Pengertian Undang-Undang
Tuesday, 20 September 2016
SUDUT HUKUM | Undang-undang dibedakan menjadi
dua, yaitu undang-undang dalam arti materiil dan undang-undang dalam
arti formil.[1] Hal ini
merupakan terjemahan secara harafiah dari “wet in
formele zin”dan “wet materiёle zin”yang dikenal di Belanda.
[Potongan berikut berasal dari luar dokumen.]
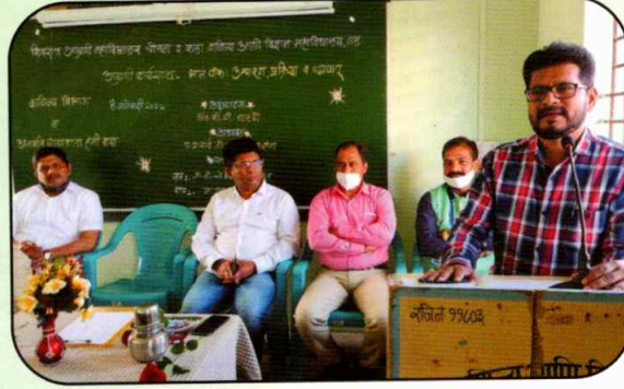
अग्रणी कार्यशाळा उद्घाटन

Yang dinamakan
undang-undang dalam arti materiil merupakan keputusan atau ketetapan penguasa
yang dilihat dari isinya disebut undang-undang dan mengikat setiap orang secara
umum.[2] Undang-undang
dalam arti formil ialah keputusan penguasa yang disebut
dengan undang-undang dilihat dari cara pembentukannya.[3] Bandingkan
dengan pendapat dari ahli hukum Paul Laband:
Das Staatsrecht des deutsches Reiches” (1911).[4]
Undang-undang bersifat umum
karena mengikat setiap orang dan merupakan produk lembaga
legislatif. Pada umumnya undang-undang terdiri dari dua bagian, yaitu konsederans
atau pertimbangan yang berisi pertimbanganpertimbangan mengapa undang-undang itu dibuat,
dan diktum atau amar. Di dalam amar terdapat isi dari
undang-undang yaitu yang kita sebut pasal-pasal.
Selain dua bagian tersebut ada
bagian lain yang juga penting keberadaannya, yaitu ketentuan
peralihan. Ketentuan peralihan mempunyai fungsi penting, yaitu untuk mengisi
kekosongan hukum (rechtsvacuum) karena ada kemungkinannya suatu
undang-undang baru tidak mengatur semua hal atau peristiwa yang diatur oleh
undang-undang yang lama. Kalau terjadi suatu peristiwa yang diatur dalam
undang-undang yang lama tetapi tidak diatur dalam undang-undang yang baru maka
disinilah peranan ketentuan peralihan. Biasanya bunyi dari ketentuan peralihan
yaitu: “apabila tidak ada ketentuannya, maka berlakukan
peraturan yang lama”.
Undang-undang adalah hukum.[5] Hal ini karena undang-undang berisi kaedah hukum yang bertujuan untuk
melindungi kepentingan manusia. Setiap orang dianggap tahu akan adanya
suatu undang-undang. Pernyataan ini merupakan fictie karena
kenyataannya tidak setiap orang dapat mengetahui setiap undang-undang yang diundangkan
hal ini karena ketidaktahuan seseorang bukanlah termasuk dasar pemaaf.[6]
Agar dapat diketahui setiap
orang, maka undang-undang harus diundangkan atau diumumkan dengan
memuatnya dalam lembaran negara. Dengan dimuatnya dalam lembaran
negara maka peraturan perundang-undang tersebut mempunyai kekuatan
mengikat (Pasal 1AB): mengikat setiap orang untuk mengetahui eksistensinya.
[1] L.J. van
Apeldoorn, Pengantar Ilmu Hukum, (Jakarta: Pradnya Paramita, 1978), hal.
92.
[2] Ibid.
[3] Ibid.
[4]
E. Utrecht,
Pengantar Dalam Hukum Indonesia, (Djakarta: P.T. Penerbitan dan Balai Buku
Ichtiar, 1961), hal.136.
[5]
Sudikno
Mertokusumo, Mengenal Hukum: Suatu Pengantar, (Yogyakarta: Liberty, 1999),
hal.80.
[6]
Hal ini
sesuai dengan pendapat Mahkamah Agung dalam putusannya nomor 645K/Sip/1970.